Your preferred setup is not possible: OS X can't share an NTFS disk with Windows for backup because Time Machine needs HFS+ (from http://support.apple.com/kb/HT1427):

Manually preparing a new disk for Time Machine


If you want to partition the disk, click the Partition tab and select a layout. Make sure "Mac OS Extended (Journaled)" is selected in the Format menu for the partition that will be used for backups. Click Apply.

Luckily, you don't need two separate drives. Using partitioning you can trick your computer into thinking it is connected to more than one drive, although there's only one. In this case, two partitions will suffice, one HFS+ and one NTFS.

(Why only one NTFS partition although you back up 3 Windows computers? Because Windows stores backups in folders named after the computer name so there are no conflicts whatsoever (see this post). You can use one NTFS partition to store backups of multiple Windows computers.)

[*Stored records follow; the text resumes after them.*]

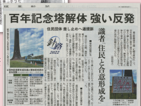
②読売新聞（平成4年11月13日）。読売新聞は記念塔解体に疑義のあることを大きく取り上げた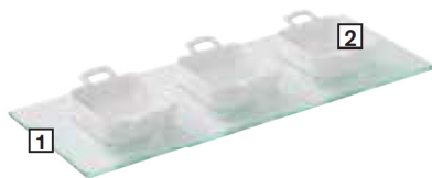
3 MINI CARREES BASSES SUR PLATEAU VERRE 3 MINI SHALLOW SQUARE DISHES ON GLASS TRAY

RECTANGULAR WOODEN BOARD 1 - CODE CDE: 645188 - PAGE 150 2 - CODE CDE: 642111 - PAGE 61 3 - CODE CDE: 644090 - PAGE 62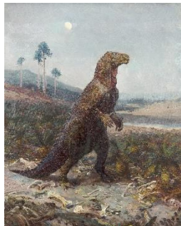
ズデニェク・ブリアン《イグアノンの地獄（第三紀の地獄）》1950年 油彩・カンヴァス 60x48cm モラヴィア博物館、ブルノ

© Jiří Hochman - www.zdenekburian.com/ and Fornuft s.r.o. / Moravské zemské muzeum, Brno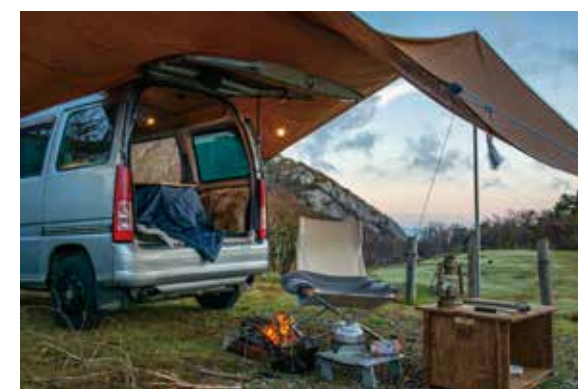
キャンプの際のシェルターとして利用*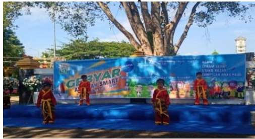
Gambar 7. Peserta didik tampil dalam acara isro' mi'roj

Di bawah ini adalah data dari hasil penelitian terkait tingkat percaya diri anak sesudah melaksanakan ekstrakurikuler tapak suci pada bulan November 2023 sampai februari 2024: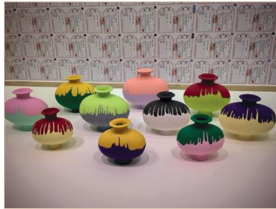
Илл. 14. Оригинальные вазы времен династии Мин (1368–1644), окрашенные художником при помощи промышленных красителей.

музеями мира помогает Стамбулу оставаться связующим звеном и мостом между западной и восточной цивилизацией, которым город являлся на протяжении многих столетий.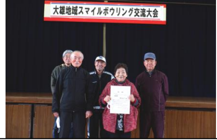
優勝は新町チーム！おめでとうございます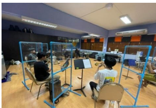
ภาพที่ 4 สร้างฉากกั้นน้ำลายระหว่างการฝึกซ้อมโรงเรียนราชวินิตบางแก้ว

ในกรณีสถานการณ์ของการแพร่ระบาดในระดับ 3 ที่เริ่มมีการรวมวงขนาดเล็กได้ ผู้สอนจะต้องหามาตรการป้องกันที่ทำให้เกิดความปลอดภัยต่อนักเรียนมากที่สุด เช่น การสร้างฉากกั้นน้ำลายของเครื่องลม การจัดเก้าอี้เพื่อรักษาระยะห่างขณะนั่งฝึกซ้อม รวมถึงการทำความสะอาดด้วยแอลกอฮอล์อย่างสม่ำเสมอ เพื่อให้เกิดความมั่นใจต่อการหยุดยั้งการแพร่ระบาดของโควิด-19 ได้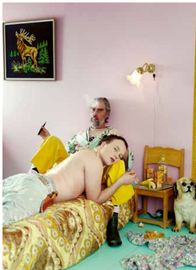
Från Turteaterns uppsättning av Åldreomsorgen i Övre Kågedalen .

FALLET EZZELINO-TERATOLOGEN STÄLLER oss inför många frågor. Om relationen mellan författare och text.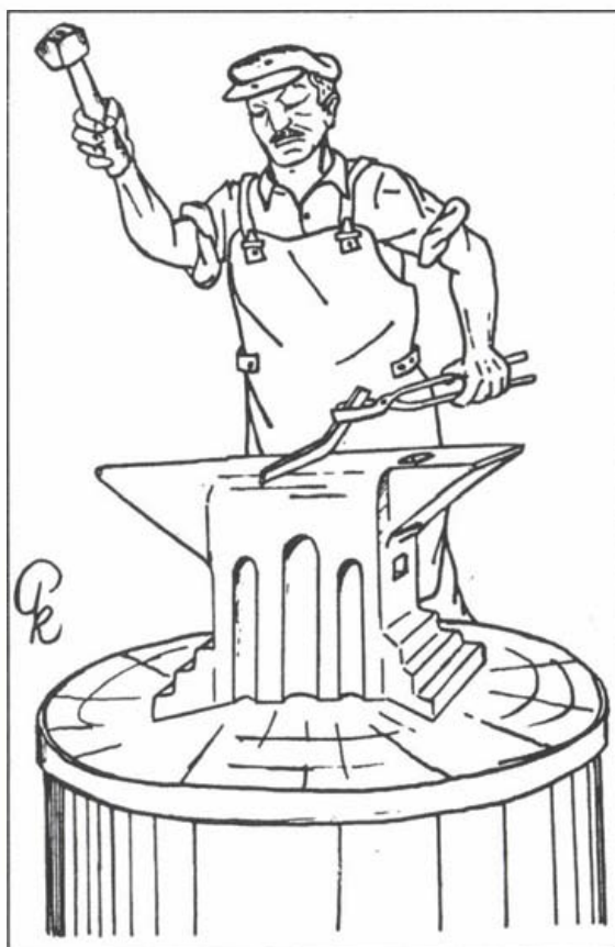
Készül az új patkó a kovácsműhelyben

Ezzel az írással és az itt közölt, az új patkó készítését ábrázoló vonalas rajzommal apám emléke előtt is tisztelegni szeretnék, aki szintén kovács volt. Ő a nagy szakmai tudásával számos „jól húzó” de rossz patájú lóra készített „gyógypatkóival” hozzásegítette annak gazdáját a meszesi mivoltának érvényesüléséhez. Az általa készített ló-, öszvér-, szamar- és ökörpatkókból összeállítva itt is láthatunk egy kis gyűjteményes kollekción, közöttük hagyományos (normál) és gyógypatkókat is.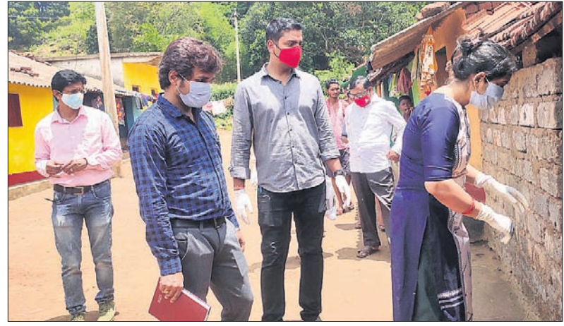
ସ୍ୱାସ୍ଥ୍ୟ ବିଭାଗ ଚିମ୍ତ୍ର ଗ୍ରାମବାସୀଙ୍କୁ ଘରେ ଘରେ ଔଷଧ ବଣ୍ଟନ କରୁଛନ୍ତି।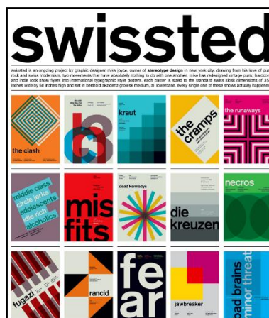
Рисунок 1 – Приклади використання типографіки як основного елемента сучасного графічного дизайну

Типографіка є одним із найважливіших елементів сучасної корпоративної айдентики. Саме шрифт формує характер бренду, впливає на сприйняття інформації та створює емоційний зв'язок між компанією й аудиторією. У сучасному графічному дизайні типографіка виконує не лише інформаційну функцію, а й стає повноцінним інструментом візуальної комунікації. За допомогою шрифту бренд може передавати власні цінності, позиціонування та стиль взаємодії зі споживачем. В умовах розвитку digital-середовища роль типографіки значно посилилася, оскільки саме текстовий контент став основою web-комунікації, соціальних мереж, мобільних застосунків та цифрової реклами (рис. 1).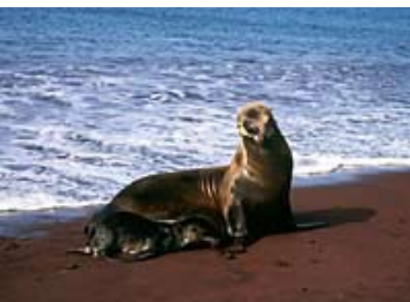
Galapagos islands, sea-lion and baby

Cinq jeunes spécialistes du patrimoine d'un peu partout dans le monde vont recevoir des bourses UNESCO-VOCATIONS PATRIMOINE qui leur permettront de poursuivre leurs recherches de troisième cycle à l'University College de Dublin (Irlande) et à l'Université technique du Brandebourg de Co-

I'd recommend that you create the HFS+ partition on your Mac first, then, on your Windows computer, format the other partition to NTFS:

  1. Plug your drive into your Mac.
  2. Open Disk Utility (in Applications/Utilities).
  3. Select the drive and select the Partition tab.
  4. Create two partitions. Format the first partition as HFS+ (and give it a name like "Time Machine"). Leave the other partition as "Free Space". See here for more details.
  5. Eject the drive and plug it into your Windows computer.
  6. Format the second partition as NTFS.

When you're done, plug the drive again into every Mac/Windows computer and select the corresponding partition as backup drive (see here for OS X and here for Windows).

To prevent the NTFS partition from being mounted every time you connect the drive into your Mac add this entry to /etc/fstab (as explained here):

LABEL=BACKUP_WINDOWS none fusefs_txantfs noauto 

Replace BACKUP_WINDOWS with the NTFS partition name.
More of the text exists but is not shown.